Young Porter began to lose his faith as his mother’s coughs—coughs that reminded him of their elderly neighbor, whose life had been wrung out of her years ago—racked her through the night. During this time, his sisters moved with their new husbands to new cities, miles away. When his mother died, Porter was left in an empty house that used to be cramped with too many people. It was now too big for one. He had never known his father.
Some friends convinced him to join them on a trip to the northern city. They would work at a juke joint at night, out of the sun and the mill’s heat, washing dishes or busing tables or learning to play an instrument. They would have all day to roam the city like tigers.
Or maybe not.
Maybe it was just him, on his own, searching for something besides hunger to drive his days and maintain his need to work. Maybe it was a reason known only to him.
I can’t let it rest at that.
Memories of the girl he used to see tickled in his thoughts at times, yet his anger at her sudden, unspoken departure kept him from traveling down the half-mile of dirt road to her door. Instead he gathered his belongings, visited his mother’s grave one final, dry-eyed time, and traveled north.
While living in the city, I remember sightings of him I had at different ages, pieces of my childhood that dropped behind me like spare change, a quarter here, a nickel there. His appearance never changed. He was at the borders of my vision always, even that night in July, when the two black boys took my wallet and held a knife in front of my face. I was thirteen years old. They pushed me to the ground, forcing the tears out of my eyes with sudden movements of the blade, nicking my arm. I cried out when my own emptied wallet hit me in the back of the head, thrown away like a used rag.

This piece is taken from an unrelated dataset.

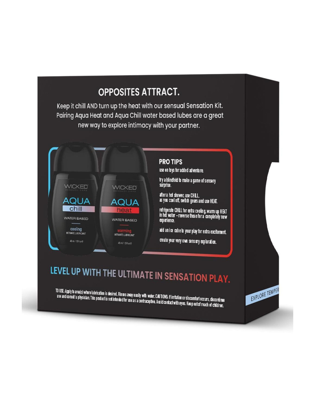Keep it chill AND turn up the heat with this sensual Sensation Kit. Pairing Aqua Heat and Aqua Chill water based lubes, it is a great new way to explore intimacy with your partner.

Later that same evening, led by my own frustrated helplessness as well as the same strange circular circumstances in which I had seen him countless times before (and after), I came across the man who was Porter. I glared at his dark skin and unkempt, black hair, and I felt suddenly older, more powerful.
I crept closer to him as he dug carefully and gingerly through the shifting contents of an oversized plastic garbage barrel, flies sticking to his beard, and my fists bled after the third time I struck his face.